2017-09-06 43 views
5

Chcę interpolować jedną oś danych wewnątrz trójwymiarowej tablicy. Podane wartości x dla różnych wartości różnią się nieznacznie, ale wszystkie powinny być odwzorowane na te same wartości x.Szybka interpolacja jednej osi tablicy

Od podanych wartości x nie są identyczne, obecnie I wykonaj następujące czynności:

import numpy as np 
from scipy import interpolate 

axes_have = np.ones((2, 72, 2001)) 
axes_have *= np.linspace(0, 100, 2001)[None,None,:] 
axes_have += np.linspace(-0.3, 0.3, 144).reshape((2, 72))[:,:,None] 

arr = np.sin(axes_have) 
arr *= np.random.random((2, 72))[:,:,None] 

axis_want = np.linspace(0, 100, 201)  

arr_ip = np.zeros((2, 72, 201)) 
for i in range(arr.shape[0]): 
    for j in range(arr.shape[1]): 
     ip_func = interpolate.PchipInterpolator(axes_have[i,j,:], arr[i,j,:], extrapolate=True) 
     arr_ip[i,j,:] = ip_func(axis_want) 

Używanie dwóch zagnieżdżonych for -loops zaskoczeniem jest bardzo powolny.

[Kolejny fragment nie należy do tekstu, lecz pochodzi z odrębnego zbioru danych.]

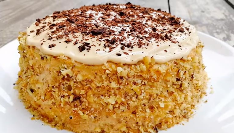 Pomiędzy warstwy kremu a ciasto z naleśnikami warto dołożyć śliwki oraz orzechy. Na samym końcu boki ciasta oraz wierzch należy posmarować pozostała ilością kremu. Idealnym wykończeniem będzie posypanie całej konstrukcji ciasta pozostałymi orzechami.
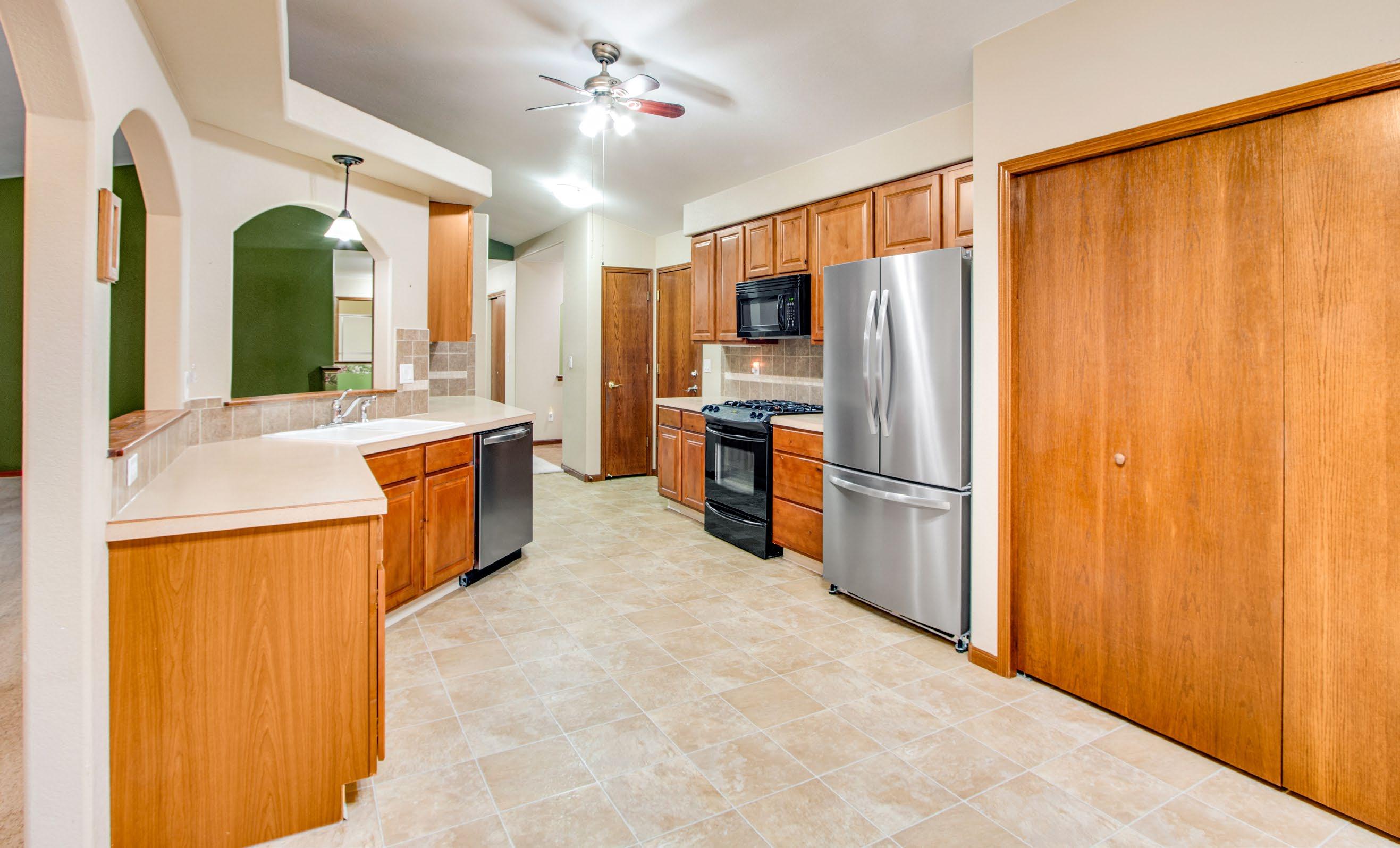 • Kitchen features plenty of counter space and knotty alder cabinets, under mount lighting, double pantry and a full tile backsplash, gas range and all appliances are included
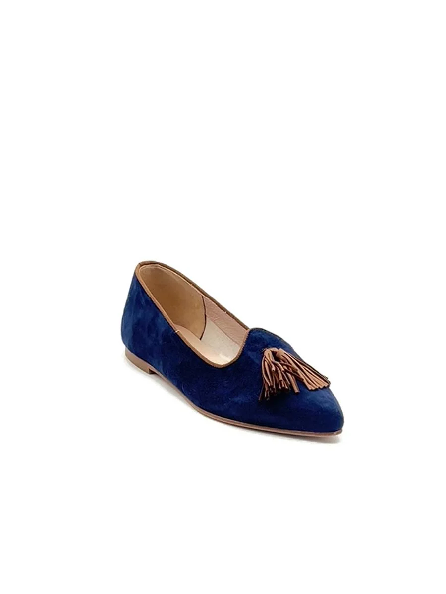 Si chiama “Violante” il nuovo mocassino di questa stagione. Dalla forma a punta realizzato in camoscio blu navy, con profili e nappine a contrasto in camoscio cuoio. Tacco cm 1. Il fondo è in cuoio.
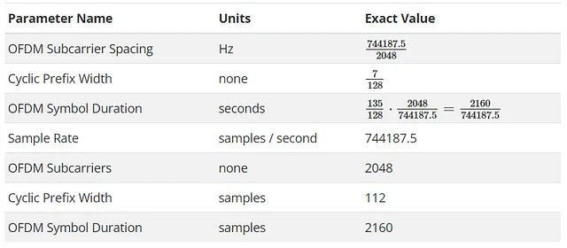 The result of the correlation also enables minor correction of the frequency of the signal. If there is “small” frequency offset, then it will introduce a phase shift between the cyclic prefix and the matching samples at the end of the symbol. This phase shift is the complex argument, or phase angle, of the correlation. Since there are 2048 samples between the cyclic prefix and the matching samples, and the sample rate is 744187.5, we can estimate the frequency offset as:
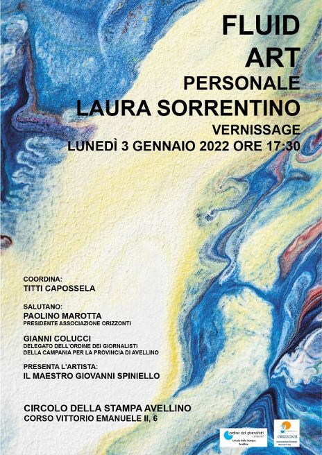 L’associazione culturale “Orizzonti” e l’Ordine dei Giornalisti di Avellino patrocinano il percorso espositivo “Fluid art” della giovane artista Laura Sorrentino che, dopo il successo della prima personale a Torre del Greco, sceglie Avellino come seconda tappa della sua mostra, aperta al pubblico dal 3 al 5 gennaio presso il Circolo della Stampa (Corso Vittorio Emanuele II, 6) dalle 10.00 alle 13.00 e dalle 17.00 alle 20.00
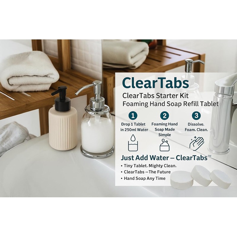 - EASY REFILL SYSTEM: Simply dissolve tablets in water to create rich, foaming hand soap, reducing plastic waste from traditional soap containers
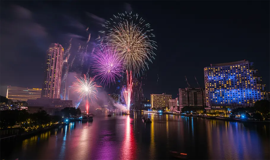 Fireworks Galore - You can expect a stunning fireworks show, particularly along the Chao Phraya River. The massive, choreographed displays with illuminated temples (Wat Arun, Wat Pho, and Wat Phra Kaew) as backdrops, alongside exotic views of the sky, will blow your mind.
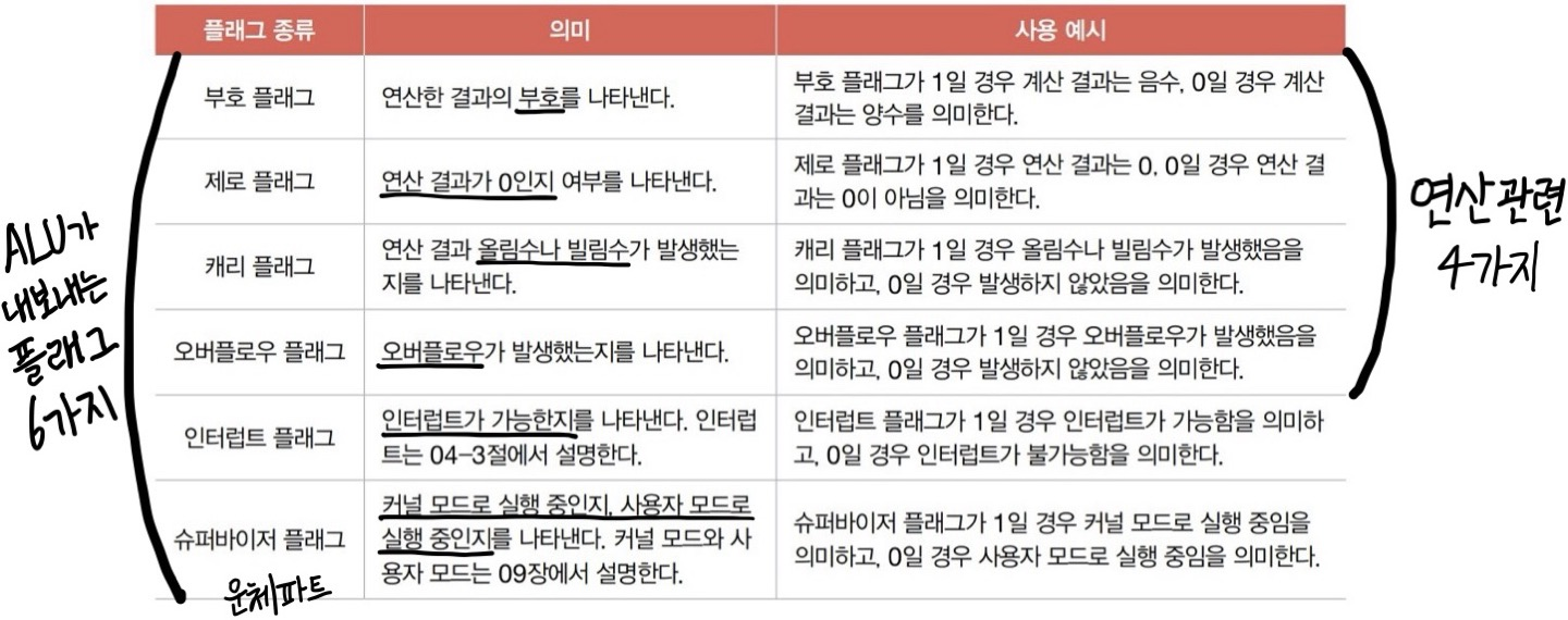 이 플래그들은 모두 플래그 레지스터에 저장된다
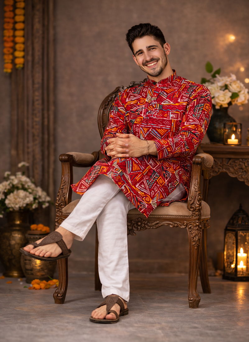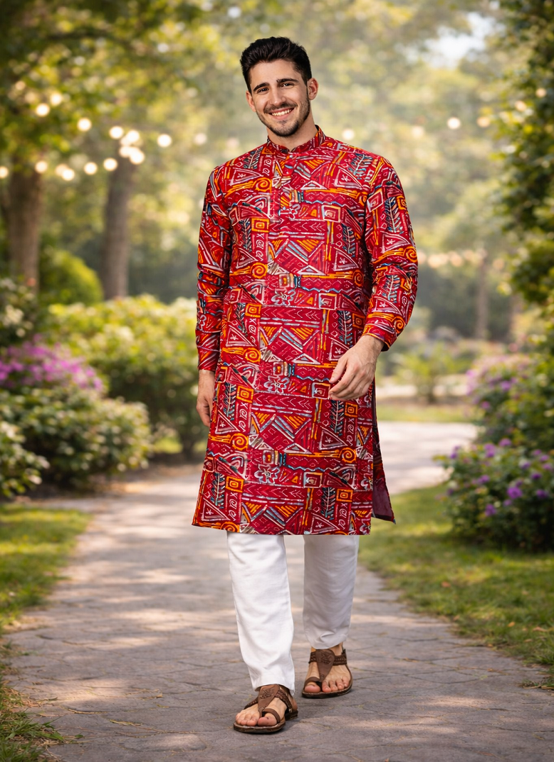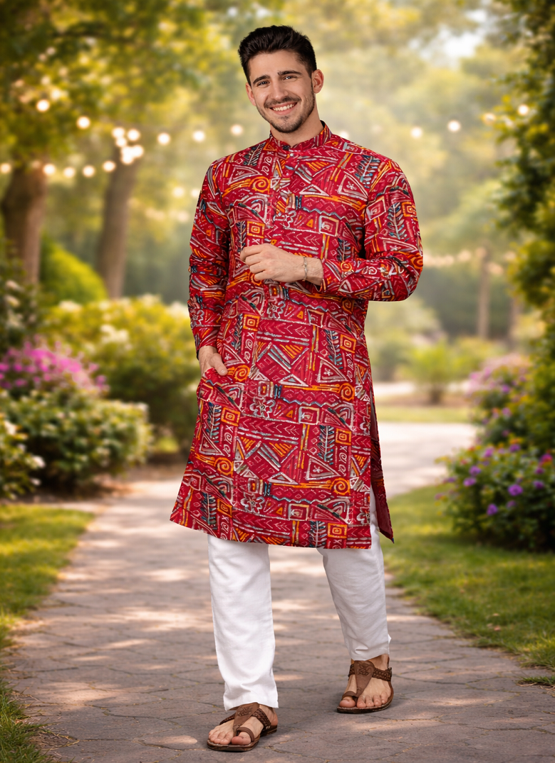 | Product Description | Bright And Eye Catching, The Maroon Color Kurta Pajama Set Made From Cotton Fabric Gives A Light And Comfortable Feel. The Kurta Features Multicolor Foil Print Work All Over, Creating A Lively And Festive Look With A Mix Of Patterns And Colors. Paired With A Matching Pajama, The Maroon Multicolored Foil Print Work Cotton Kurta Pajama Set Is Perfect For Festive Days, Casual Functions, And Traditional Gatherings. Easy To Wear And Comfortable, This Outfit Adds A Cheerful Touch To Your Overall Look. |
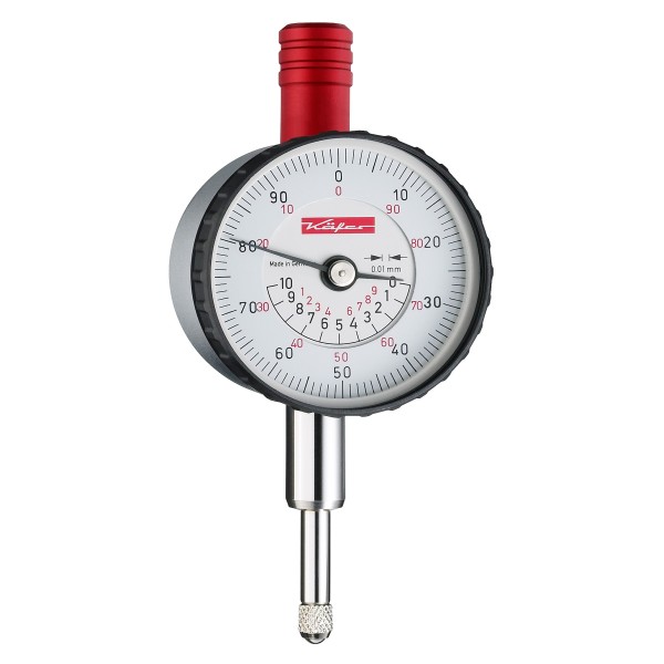 Mechanical Dial Gauge KAEFER BLET which has a range of 10mm, a reading at 0,01mm and a graduation between 0-100 (100-0) concentricmm-pointer
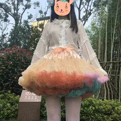 Lolita rainbow skirt support lolita cloud yarn skirt Super ponytail soft yarn cotton candy boneless petticoat skirt support
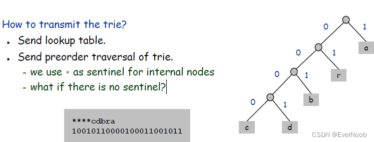 ==> if there are no sentinels, retriving encoding scheme is confusing(, write a trie parser for any traversal and see how you fare without sentinels).
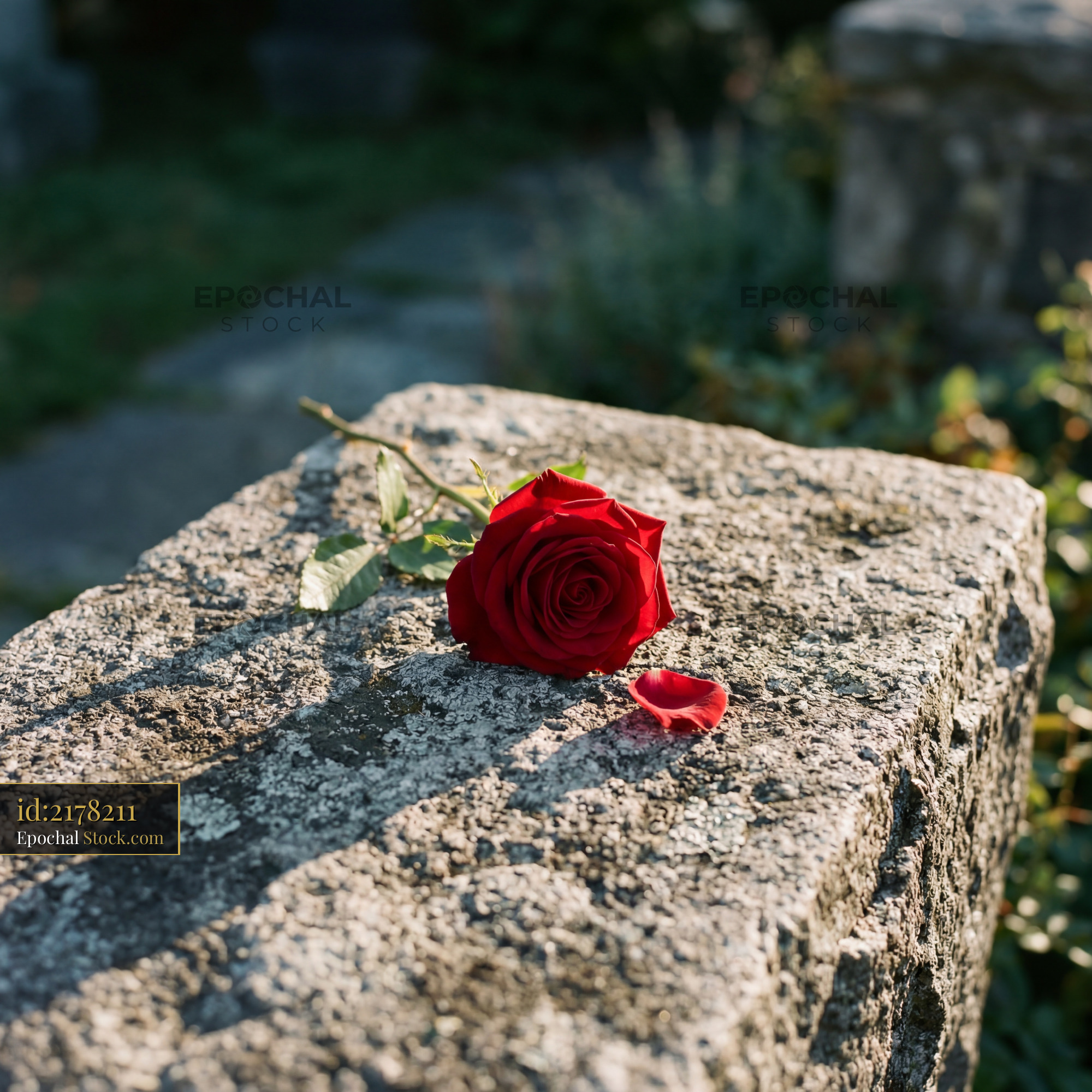 A red rose lies on a stone surface. One petal sits next to the flower. The scene is outdoors, lit by natural light, creating shadows on the stone.

Czy istnieje sposób na zwiększenie prędkości? Może robiąc magię lub paralelę NumPy.

+0

czy możesz dodać próbkę 'arr'? – DJK

+0

Wystąpił błąd w moim przykładzie, który został już naprawiony. 'arr' powinien teraz zostać podany. – leviathan

Odpowiedz

5

Zrobiłem kilka wstępnych testów i wydaje się, że większość czasu spędzasz na generowaniu rzeczywistych funkcji interpolacji. Nie wygląda na to, że wektoryzacja przyspieszy to o tonę, ale ułatwia równoległość (co zwiększa prędkość). Oto przykład.

import numpy as np 
from scipy import interpolate 
import timeit 
import multiprocessing 



def myfunc(arg): 
    x, y = arg 
    return interpolate.PchipInterpolator(x, 
             y, 
             extrapolate=True) 

p = multiprocessing.Pool(processes=8) 
axes_have = np.ones((2, 72, 2001)) 
axes_have *= np.linspace(0, 100, 2001)[None, None, :] 
axes_have += np.linspace(-0.3, 0.3, 144).reshape((2, 72))[:, :, None] 

arr = np.sin(axes_have) 
arr *= np.random.random((2, 72))[:, :, None] 

axis_want = np.linspace(0, 100, 201) 

arr_ip = np.zeros((2, 72, 201)) 
s_time1 = timeit.default_timer() 
for i in range(arr.shape[0]): 
    for j in range(arr.shape[1]): 
     ip_func = interpolate.PchipInterpolator(axes_have[i, j, :], 
               arr[i, j, :], 
               extrapolate=True) 
     arr_ip[i, j, :] = ip_func(axis_want) 
elapsed1 = timeit.default_timer() - s_time1 

s_time2 = timeit.default_timer() 
flatten_have = [y for x in axes_have for y in x] 
flatten_arr = [y for x in arr for y in x] 
interp_time = timeit.default_timer() 
funcs = p.map(myfunc, zip(flatten_have, flatten_arr)) 
interp_elapsed = timeit.default_timer() - interp_time 
arr_ip = np.asarray([func(axis_want) for func in funcs]).reshape(2, 72, 201) 
elapsed2 = timeit.default_timer() - s_time2 

print("Elapsed 1: {}".format(elapsed1)) 
print("Elapsed 2: {}".format(elapsed2)) 
print("Elapsed interp: {}".format(interp_elapsed)) 

Typowe wyników (należy zwrócić uwagę, że vectorized realizacja jest prawie taka sama prędkość bez parallelization i że mam 2 rdzenie, dzięki czemu czas pracy powinien być w przybliżeniu (oryginalna czas/liczba rdzeni)):

Elapsed 1: 10.4025919437 
Elapsed 2: 5.11409401894 
Elapsed interp: 5.10987687111 

Nie zrozum mnie źle, może być algorytmiczny sposób, aby zrobić to szybciej, ale wydaje się, że jest to najprostszy sposób na natychmiastowe przyspieszenie, ponieważ problem jest zawstydzająco równoległy.